Мгновение он смотрел на меня как-то странно, потом сказал: «Я достану тебе пальто», повернулся и вышел за дверь.

Вернулся он часа через два. За то время я еще больше извелась от скуки и досадовала на Боба, что он все не возвращается.

В руках у него был пакет, который он не сразу мне отдал, а некоторое время держал в руках и лишь потом протянул мне. Выражение лица у него было странное – очень серьезное, и… как бы это сказать?.. ранимое. Да, Боб, такой большой и сильный, показался мне в эту минуту слабым и ранимым, как ребенок.

Я открыла пакет. Внутри лежало ярко-красное пальто с черным бархатным воротником. Я достала его и померила. Оно было очень красное, и воротник мне не понравился. Но радовало, что оно правда теплое.

– Где ты его взял? – спросила я. – И почему так долго за ним ходил?

– Мне пришлось проверить описи пяти складов, прежде чем я его нашел, – ответил Боб, глядя на меня.

Я подняла брови, но промолчала. Пальто сидело на мне прекрасно, если только не пытаться застегнуть его на животе.

– Тебе нравится? – спросила я, поворачиваясь перед Бобом.

Он долго и задумчиво смотрел на меня, прежде чем ответил:

– Нормально. Наверное, больше подошло бы, будь у тебя черные волосы.

Очень странные слова. И никогда прежде Боб не показывал, что обращает внимание на мою внешность.

– Мне перекраситься? – спросила я.

Волосы у меня каштановые, самые заурядные. Что у меня эффектное, так это фигура. И глаза. Мне нравятся мои глаза.

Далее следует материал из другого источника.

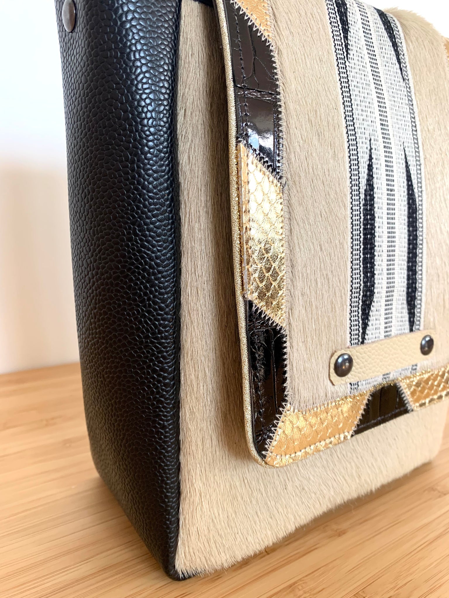 J'espère l’avoir mis à l’honneur avec ce nouveau modèle de besace en patchwork de veau à poil , croco , serpent d’eau et veau grainé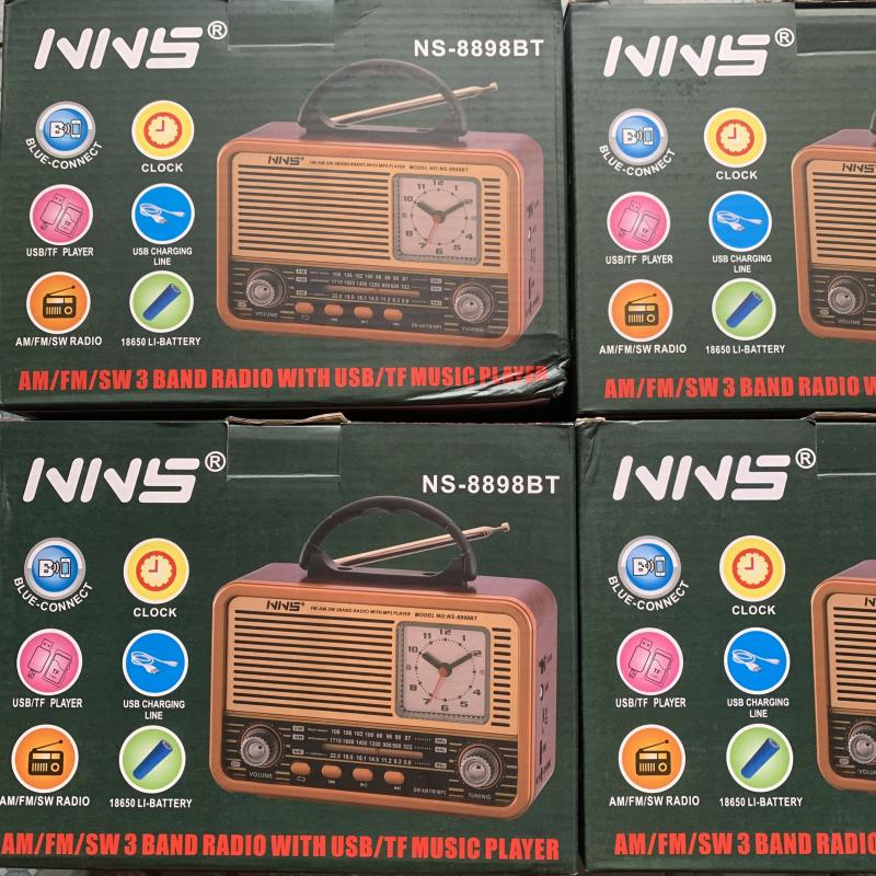 Đài Fm Radio Bluetooth NS8898BT Có Đồng Hồ Cổ Điển Công Nghệ Nhật | Giá 290k - H2pro 0898259888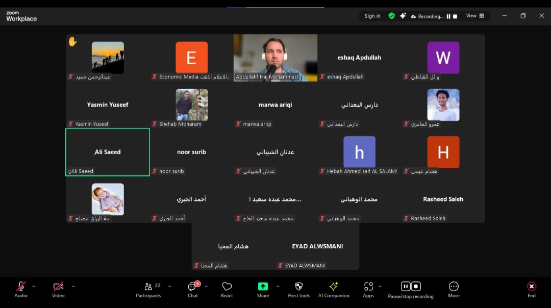 من جانبه، أوضح عبد اللطيف حاج محمد، الرئيس التنفيذي لشبكة الصحافة والذكاء الاصطناعي في الشرق الأوسط وشمال أفريقيا، ومدرب الدورة، أن الورشة لم تكن تدريباً تقنياً فحسب، بل تجربة فكرية وعملية لإعادة تعريف العلاقة بين الصحافة والتكنولوجيا في سياق يمني متحول، مؤكداً أن هذه الورشة تمثل خطوة تأسيسية في بناء قدرات إعلامية يمنية قادرة على استيعاب التحول الرقمي ومواكبته من موقع الفاعل لا المتفرّج، وأنها ستفتح الطريق أمام برامج تدريبية أكثر تقدماً ضمن مسار شراكة استراتيجية بين مركز الدراسات والإعلام الاقتصادي وشبكة الصحافة والذكاء الاصطناعي في الشرق الأوسط وشمال أفريقيا.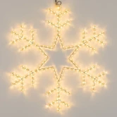 Светодиодная фигура СНЕЖИНКА. Размер 750x750 мм. Цвет светодиодов ТЕПЛЫЙ БЕЛЫЙ (3000 К), постоянное свечение. 324 светодиода. Напряжение питания 230 В, потребляемая мощность 18 Вт, степень пылевлагозащиты IP65. Фигура укомплектована проводом питания для подключения к сети 230 В (без вилки питания).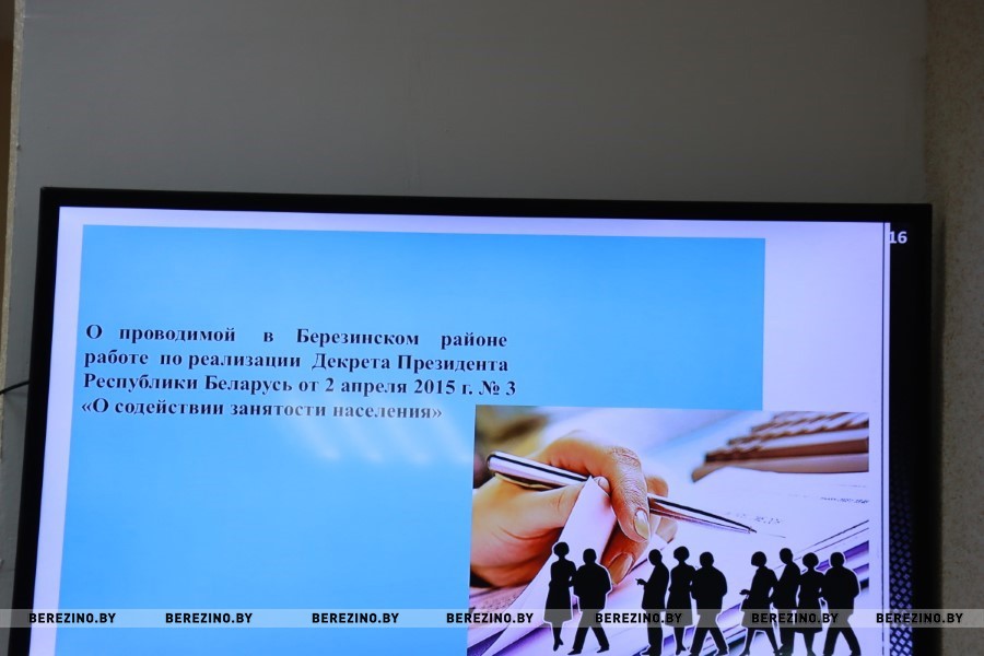 Декрет Президента Республики Беларусь № 3 «О содействии занятости населения» направлен на стимулирование трудовой занятости и самозанятости не работающих граждан. Для реализации задач Декрета в районе создана и осуществляет свою деятельность комиссия по содействию занятости населения при Березинском районном исполнительном комитете.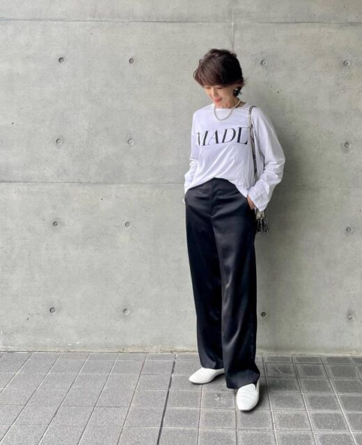 3月も半ばを過ぎると、靴は春らしいものに履き替えたくなるもの。「ラクな靴がいいけれどスニーカーではカジュアルすぎる」、そんなときには白ローファーがうってつけ。きちんと感と爽やかさを兼ね備えているので、40代50代の春コーデにぴったりマッチします。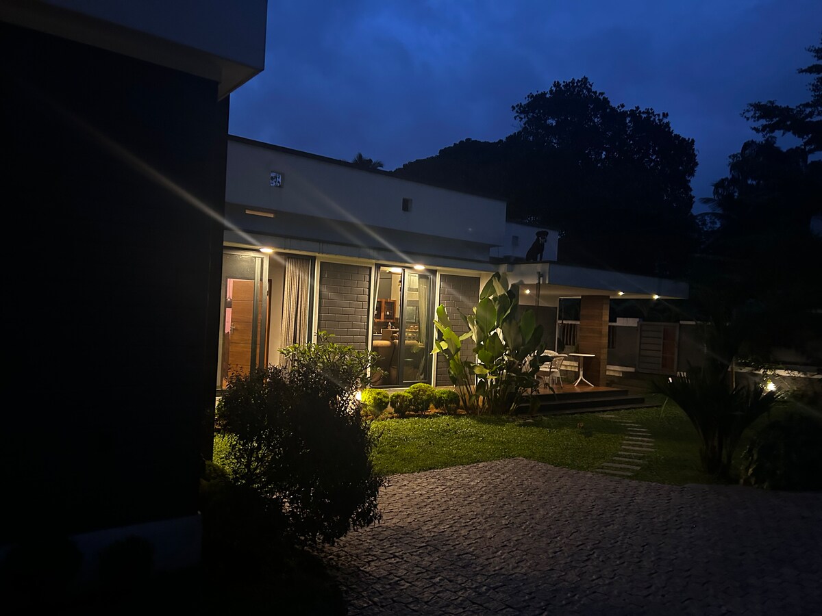 這間優質的房源空間寬敞,可以帶著全家老小(最好不超過8位成人)一同入住。 別墅由4間臥室( 3間空調/1間非空調)、2間客廳、設備齊全的廚房(配有微波爐和水壺)和5間浴室(包括浴缸、步入式淋浴間和坐浴盆)組成。 所有浴室都有(太陽能)熱水,一間公共浴室配有電暖器,以應對緊急情況。 步行即可抵達Athani鎮。 距離科欽國際機場5公裏。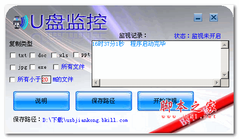 梦真U盘监控器是一个监控U盘插拔事件,并自动复制U盘内文件的小工具,支持设定监控文件类型,小巧易用...

– Нет, я не хочу, чтобы ты красила волосы, – с какой-то странной печалью ответил Боб и неожиданно спросил: – Хочешь со мной прогуляться?

Мгновение я смотрела на него, не позволяя себе моргать, потом ответила:

– Конечно.

Когда мы вышли на улицу, он взял меня за руку. Ну я и удивилась. Боб начал насвистывать. Почти час мы гуляли под снегом по почти пустым улицам и по Вашингтон-Сквер, где несколько обдолбанных старух молча курили свои косячки. Боб старался идти медленно, чтобы я за ним поспевала – он правда огромного роста, – но за все время не произнес ни слова. Иногда он переставал насвистывать и смотрел мне в лицо, как будто изучая, однако по-прежнему молчал.

Это было странно и в то же время почему-то приятно. Я чувствовала, что Бобу это все почему-то важно: и красное пальто, и прогулка со мной за руку. И мне совсем не обязательно было знать, что это для него значит. Если бы он хотел, чтобы я знала, он бы сказал. Просто я понимала, что нужна ему, и от этого ощущала себя очень важной. Приятное чувство. Жалко, что он не обнял меня за талию.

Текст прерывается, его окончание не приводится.